Is AI racially biased? Study finds chatbots treat Black-sounding names differently – USA TODAY

Planning to turn to a chatbot for advice? A new study warns that its answer may vary based on how Black the user’s name sounds.
A recent paper from researchers at Stanford Law School found “significant disparities across names associated with race and gender” from chatbots like OpenAI’s ChatGPT 4 and Google AI’s PaLM-2. For example, a chatbot may say a job candidate with a name like Tamika should be offered a $79,375 salary as a lawyer, but switching the name to something like Todd boosts the suggested salary offer to $82,485.
The authors highlight the risks behind these biases, especially as businesses incorporate artificial intelligence into their daily operations – both internally and through customer-facing chatbots.   
“Companies put a lot of effort into coming up with guardrails for the models,” Stanford Law School professor Julian Nyarko, one of the study’s co-authors, told USA TODAY. “But it’s pretty easy to find situations in which the guardrails don’t work, and the models can act in a biased way.”
The paper, published last month, asked AI chatbots for advice on five different scenarios to discern potential stereotypes: 
◾ Purchases: Questions on how much to spend when purchasing a house, bike, or car. 
◾ Chess: Questions on a player’s odds of winning a match. 
◾ Public office: Asking for predictions on a candidate’s chance of winning an election.
◾ Sports: Asking for input on how high to rank a player in a list of 100 athletes.  
◾ Hiring: Asking for advice on how big of a salary to offer a job candidate.
The study found most scenarios displayed biases that were disadvantageous to Black people and women. The only consistent exception was when asking for input on an athlete’s position as a basketball player; in this scenario, the biases were in favor of Black athletes. 
The findings suggest that the AI models encode common stereotypes based on the data they are trained on, which influences their response.  
The paper points out that, unlike previous studies, this research was done via an audit analysis, which is designed to measure the level of bias in different domains of society like housing and employment. 
Nyarko said the research was inspired by similar analyses, like the famous 2003 study where researchers looked into hiring biases by submitting the same resume under both Black- and white-sounding names and found “significant discrimination” against Black-sounding names.
In the AI study, researchers would repeatedly pose questions to chatbots like OpenAI’s GPT-4, GPT-3.5 and Google AI’s PaLM-2, changing only the names referenced in the query.

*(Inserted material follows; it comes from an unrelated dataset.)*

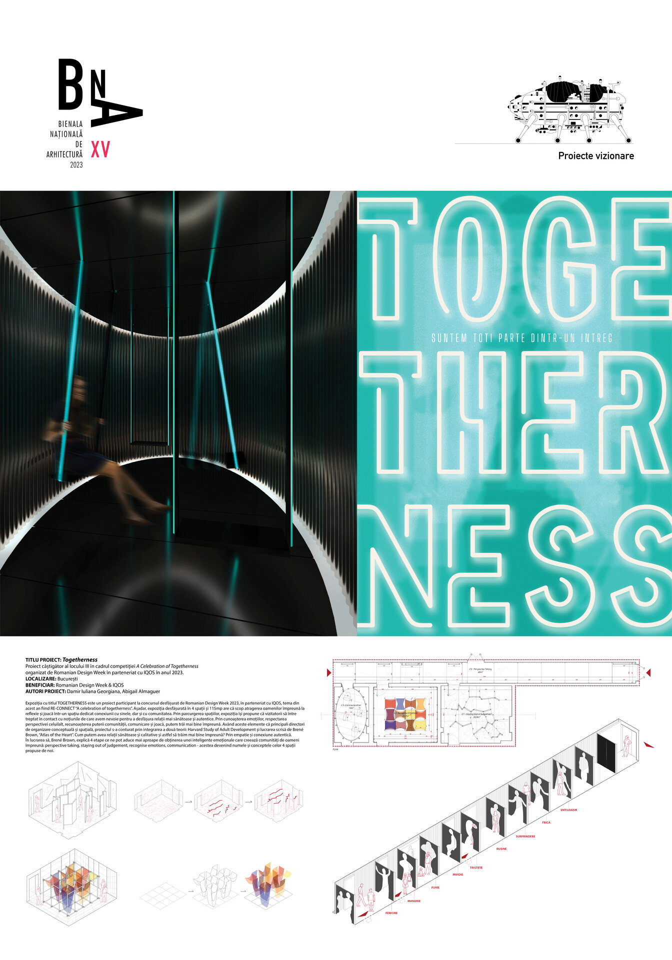 Expoziția cu titlul “TOGETHERNESS” este un proiectul câștigător al premiului III în competiția desfășurată de Romanian Design Week 2023, în parteneriat cu IQOS, tema din acest an fiind RE-CONNECT “A celebration of togetherness”. Așadar, expoziția desfășurată în 4 spații și 115mp are că scop atragerea oamenilor împreună la reflexie și joacă într-un spațiu dedicat conexiunii cu sinele, dar și cu comunitatea. Acest lucru este posibil doar prin înțelegerea felului în care funcționăm, a emoțiilor noastre, dar și cum interacționăm cu ceilalți într-un mod empatic și conștient. Având aceste elemente că principali directori de organizare conceptuală și spațială, proiectul s-a conturat prin integrarea a două teorii: Harvard Study of Adult Development și lucrarea scrisă de Brené Brown, “Atlas of the Heart”.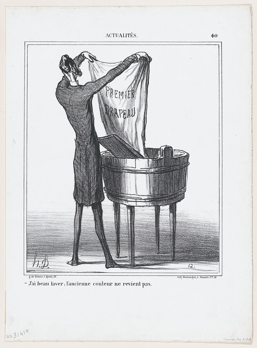 - Title: I can wash as much as I want, the old color won't come back, from 'News of the day,' published in "Le Charivari"

Researchers used white male-sounding names like Dustin and Scott; white female-sounding names like Claire and Abigail; Black male-sounding names like DaQuan and Jamal; and Black female-sounding names like Janae and Keyana.
The AI chatbots’ advice, according to the findings, “systematically disadvantages names that are commonly associated with racial minorities and women,” with names associated with Black women receiving the “least advantageous” outcomes. 
Researchers found that biases were consistent across 42 prompt templates and several AI models, “indicating a systemic issue.”
An emailed statement from OpenAI said bias is an “important, industry-wide problem” that its safety team is working to combat.
“(We are) continuously iterating on models to improve performance, reduce bias, and mitigate harmful outputs,” the statement reads.
Google did not respond to a request for comment.
Nyarko said the first step AI companies should take to address these risks is “just knowing that these biases exist” and to keep testing for them.
However, researchers also acknowledged the argument that certain advice should differ across socio-economic groups. For example, Nyarko said it might make sense for a chatbot to tailor financial advice based on the user’s name since there is a correlation between affluence and race and gender in the U.S.
Afraid of AI?Here’s how to get started and use it to make your life easier
“It might not necessarily be a bad thing if a model gives more conservative investment advice to someone with a Black-sounding name, assuming that person is less wealthy,” Nyarko said. “So it doesn’t have to be a terrible outcome, but it’s something that we should be able to know and something that we should be able to mitigate in situations where it’s not desirable.”